Морье Дю - Стеклодувы
Я посмотрела на свою крошечную дочку и отняла от нее грудь, боясь, что она захлебнется.
– Ничего не известно, – ответила я. – Национальное Собрание может издать закон, запрещающий это как потворство человеческим слабостям.
– Меня бы это не удивило, – отозвалась матушка, – как и все другое, что вздумалось бы сделать этим людям. Ведь добрая половина из них – жалкие адвокатишки и выскочки-чиновники.
Счастье, что Пьер этого не слышал, так же, как и Мишель. Всякий человек, который произносил в адрес Собрания хотя бы одно критическое слово, был в их глазах предателем и изменником.
– Но ведь вы же не против революции, – спросила я с необычной для себя смелостью.
– Я не против чего бы то ни было, когда это идет на пользу честному человеку, – отвечала она. – Если человек хочет продвинуться в жизни, его надо к этому поощрять. Не понимаю, при чем тут революция. Твой отец стал богатым человеком исключительно благодаря собственным усилиям. Он начал с самых низов, с подмастерья.
– Но у батюшки был талант, – возразила я. – Новые законы рассчитаны на то, чтобы помогать тем, у кого нет таких способностей.
– Не верь этому, – сказала матушка. – Крестьяне сейчас живут нисколько не лучше, чем раньше. Сейчас лезут вверх те, кто посередке. Лавочники и прочие. Я бы и не возражала против этого, если бы только они умели прилично себя вести.

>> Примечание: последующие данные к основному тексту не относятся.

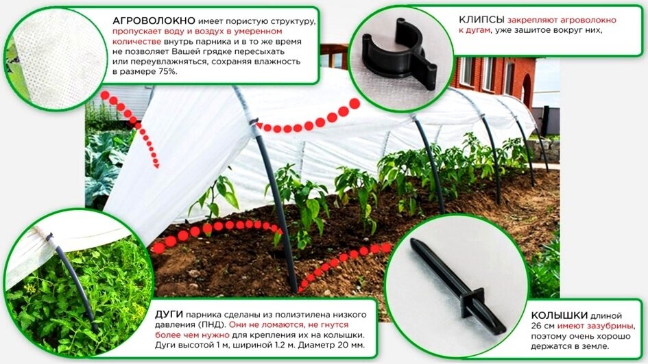 - Парник из дуг с укрывным материалом из спанбонда обеспечивает естественную вентиляцию воздуха, в отличие от парников из пленки.

Если смотришь на то, как младенец сосет грудь, если слушаешь, как рядом смеются дети, лазая по деревьям, то кажется, что революции происходят где-то бесконечно далеко.
– Этому ребенку уже вполне достаточно, – вдруг сказала матушка. – Она ест из жадности, а не по необходимости, совсем, как взрослые. Положи ее в колыбель.
– Она революционерка, – сказала я. – Революционерам всегда всего мало, они постоянно требуют еще.
– Именно это я и говорю, – согласилась матушка, забирая от меня Софи-Магдалену и похлопывая ее по спинке, чтобы вышел воздух и она не срыгнула. – Она не знает, когда нужно остановиться, так же, как эти так называемые патриоты у нас в стране. Кто-нибудь должен набраться решимости и иметь власть, чтобы сказать им: "Довольно!". Она ведь все равно что стадо без пастуха.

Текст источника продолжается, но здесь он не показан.